EJSCREEN: Environmental Justice Screening and Mapping Tool

EJSCREEN is an environmental justice mapping and screening tool that provides EPA with a nationally consistent dataset and approach for combining environmental and demographic indicators. EJSCREEN users choose a geographic area; the tool then provides demographic and environmental information for that area. All of the EJSCREEN indicators are publicly-available data. EJSCREEN simply provides a way to display this information and includes a method for combining environmental and demographic indicators into EJ indexes.  

EJSCREEN includes: 

Website to download data
For more detailed methodological information

Key Measure Methods

Traffic Volume is an average

Traffic Volume at the county level is calculated with EJScreen data by aggregating all the census block data within a county, and weighing by the number of people in the corresponding blocks. The measure is reported as the average count of vehicles per meter per day within 500 meters of a census block centroid (the center point of a census block), divided by distance in meters, presented as the population-weighted average of blocks in each county. The closest traffic is given more weight through inverse distance weighting. A highway with 16,000 Annual Average Daily Traffic (AADT) at 400 meters distance would result in a score of 16,000/400=40.  

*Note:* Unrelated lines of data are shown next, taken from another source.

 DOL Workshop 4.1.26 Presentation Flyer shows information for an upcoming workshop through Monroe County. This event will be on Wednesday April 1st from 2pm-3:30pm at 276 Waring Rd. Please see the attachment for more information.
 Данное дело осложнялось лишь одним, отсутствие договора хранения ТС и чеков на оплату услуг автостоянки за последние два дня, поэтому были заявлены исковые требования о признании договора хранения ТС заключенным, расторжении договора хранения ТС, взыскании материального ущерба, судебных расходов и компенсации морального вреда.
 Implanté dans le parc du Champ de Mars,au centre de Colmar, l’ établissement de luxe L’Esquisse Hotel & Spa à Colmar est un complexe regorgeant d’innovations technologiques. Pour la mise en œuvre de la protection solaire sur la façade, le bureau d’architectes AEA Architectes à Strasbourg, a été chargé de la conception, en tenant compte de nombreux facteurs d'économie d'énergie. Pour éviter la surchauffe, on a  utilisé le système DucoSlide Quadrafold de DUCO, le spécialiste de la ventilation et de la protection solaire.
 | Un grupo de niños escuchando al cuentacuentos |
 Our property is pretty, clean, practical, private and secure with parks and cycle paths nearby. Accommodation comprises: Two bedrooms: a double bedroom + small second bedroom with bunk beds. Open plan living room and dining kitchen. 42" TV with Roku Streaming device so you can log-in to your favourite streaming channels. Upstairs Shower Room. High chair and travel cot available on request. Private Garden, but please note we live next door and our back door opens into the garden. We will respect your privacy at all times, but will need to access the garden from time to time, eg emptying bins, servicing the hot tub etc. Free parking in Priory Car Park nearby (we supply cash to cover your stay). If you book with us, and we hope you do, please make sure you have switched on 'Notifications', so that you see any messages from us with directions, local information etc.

Caution should be used when comparing these estimates across states

States collect and report these data differently. Traffic counts are performed by state Departments of Transportation.

Measure limitations

This measure does not capture exposures that occur away from the block centroid (with the assumption that homes are equally distributed from the center of the census block).

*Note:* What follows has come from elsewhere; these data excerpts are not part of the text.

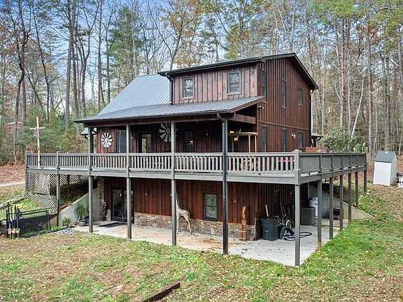 Only minutes to Blue Ridge this Peaceful mountain retreat on 2.42 private acres offers a park-like setting with a beautiful lawn and a cozy outdoor fire pit perfect for cool mountain evenings. Located in a pristine neighborhood with paved streets and public water available, this property is ideal for personal use or investment. The land features a gentle, rolling slope with an outdoor utility shed, and is adorned with cabin-style wood siding and cedar shake accents. The main level boasts expansive decks and covered porches that wrap around the home, inviting relaxation and outdoor enjoyment. Inside, you'll find luxury vinyl plank flooring, soaring pine ceilings, and a large stone fireplace in the great room, creating a warm and open atmosphere. The kitchen is a true highlight, featuring a farmhouse sink, custom cabinetry, tile countertops, and stainless steel appliances. Off the kitchen, there's a convenient laundry area with access to outdoor porches and a two-bay carport. The main-level primary suite offers a spacious bath with a double vanity and walk-in shower. Upstairs, a versatile loft/office area with a powder room complements a second master en-suite, complete with a full bath and a generous walk-in closet. The terrace level extends the living space with a third bedroom, bath, utility room, and a spacious living/recreation room with 9-foot rustic metal ceilings. This level opens to a concrete porch on two sides, enhancing outdoor options. With an additional building lot included in the acreage, this property offers room to grow and endless possibilities. Embrace mountain living at its finest in this tranquil, versatile home.
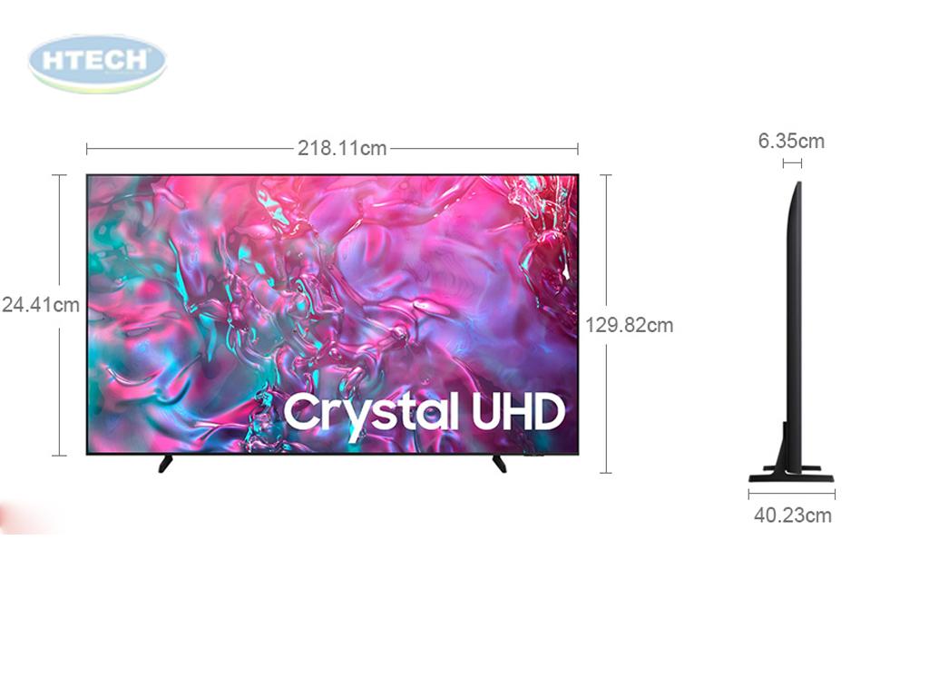 Với màn hình tivi 98 inch, chiều rộng của tivi Samsung đạt khoảng 220 cm, chiều cao khoảng 125 cm, và độ dày thường dưới 5 cm tùy dòng sản phẩm. Đây là kích thước tivi lý tưởng để biến không gian sống thành một trung tâm giải trí, phù hợp với những phòng khách lớn hoặc không gian mở.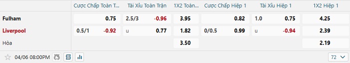Bảng tỷ lệ kèo bóng đá Fulham vs Liverpool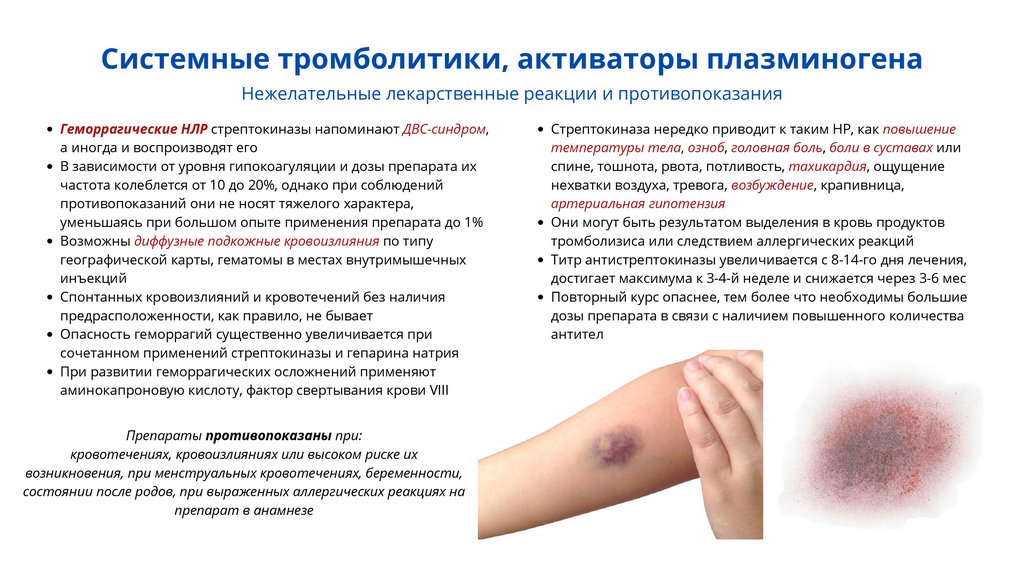 негативное воздействие на систему гемостаза и снижает риск кровотечений на фоне проводимой фибринолитической терапии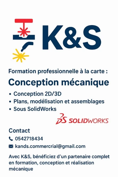 🎓 Formation professionnelle à la carte 🔧 Conception mécanique Conception 2D/3D Plans, modélisation et assemblages Réalisée sous SolidWorks 📞 Contact Téléphone : Email

While increased traffic volume in a county may be associated with harmful exposures, it may also be related to factors that positively influence health, such as commerce and employment opportunities. Residential proximity to roads can provide access to jobs, health care, food, recreational opportunities, and other benefits.

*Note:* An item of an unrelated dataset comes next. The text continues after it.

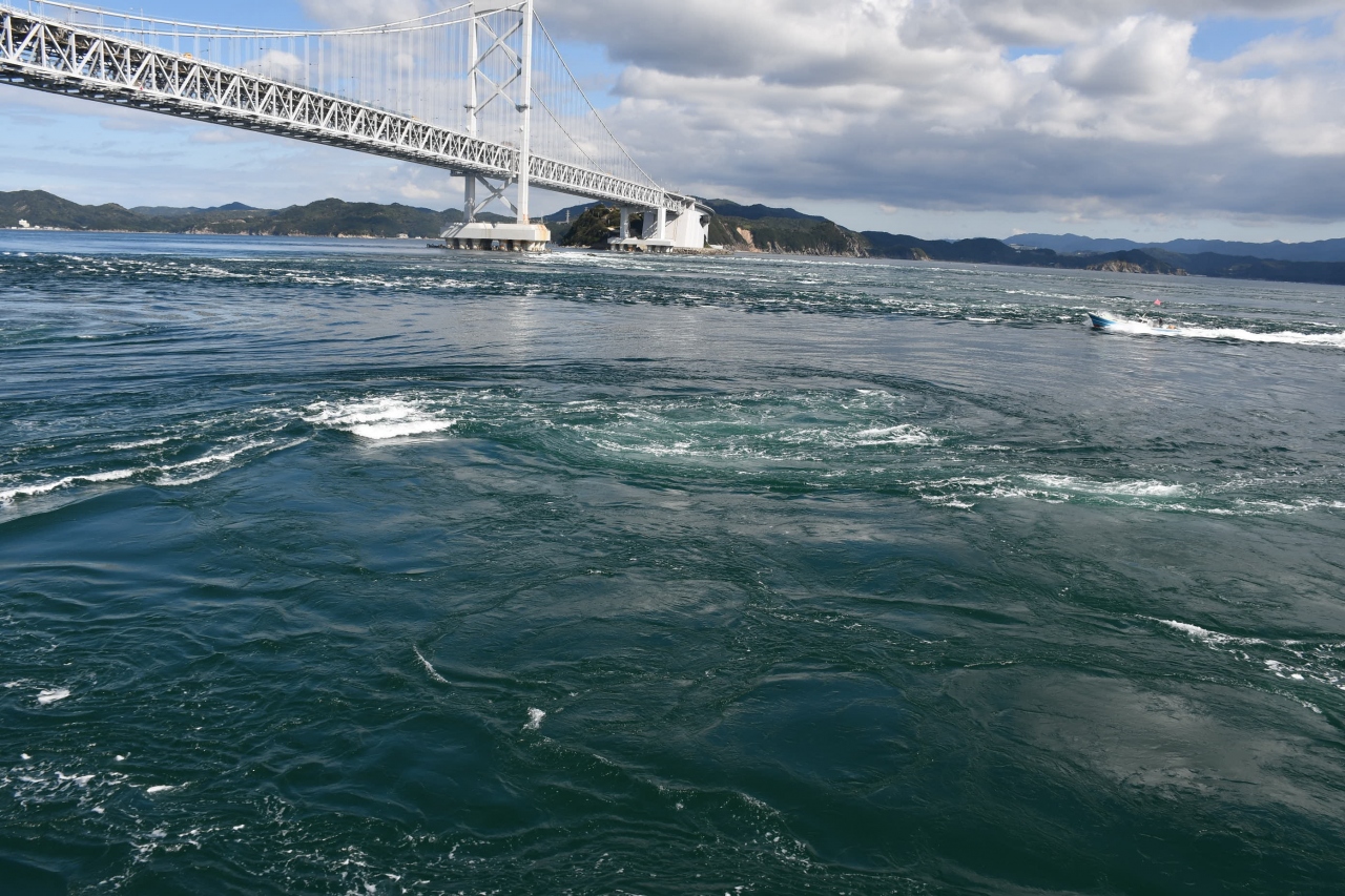 船で鳴門海峡の渦潮見物に行ってきました。船は淡路島の福良港から出て、鳴門海峡大橋の真下まで行きます。大潮などの巡り合わせと、一日のうちでも満潮と干潮によって渦の大きさなどが違うそうです。潮の流れが速いということは実感でき、間近で見る渦潮は迫力がありました。

There is a relatively large data-year lag (about 5 years). One-third of the data is updated annually. Entirely new data is released every three years.

Numerator

The numerator is the average count of vehicles per meter per day within 500 meters of a census block centroid (the center point of a census block).

Denominator

The denominator includes all interstate, principal arterial, other National Highway System, and HPMS sample section roads.

Can This Measure Be Used to Track Progress

This measure is not appropriate for measuring progress. 

Finding More Data

Disaggregation means breaking data down into smaller, meaningful subgroups. Disaggregated data are often broken down by characteristics of people or where they live. Disaggregated data can reveal inequalities that are otherwise hidden. These data can be disaggregated by:

  • Subcounty Area

Traffic volume can be analyzed at smaller geographies. EJScreen provides census block group estimates.  

References

1 Li C, Gao D, Samuel Cai YS, et al. Relationships of residential distance to major traffic roads with dementia incidence and brain structure measures: Mediation role of air pollution. Health Data Science. 2023;3:0091.

2 Long D, Lewis D, Langpap, C. Negative traffic externalities and infant health: The role of income heterogeneity and residential sorting. Environmental Resource Economics. 2021;80:637-674.

3 Baumann LM, Robinson CL, Combe JM, et al. Effects of distance from a heavily transited avenue on asthma and atopy in a periurban shantytown in Lima, Peru. Journal of Allergy and Clinical Immunology. 2012;127(4);875–882.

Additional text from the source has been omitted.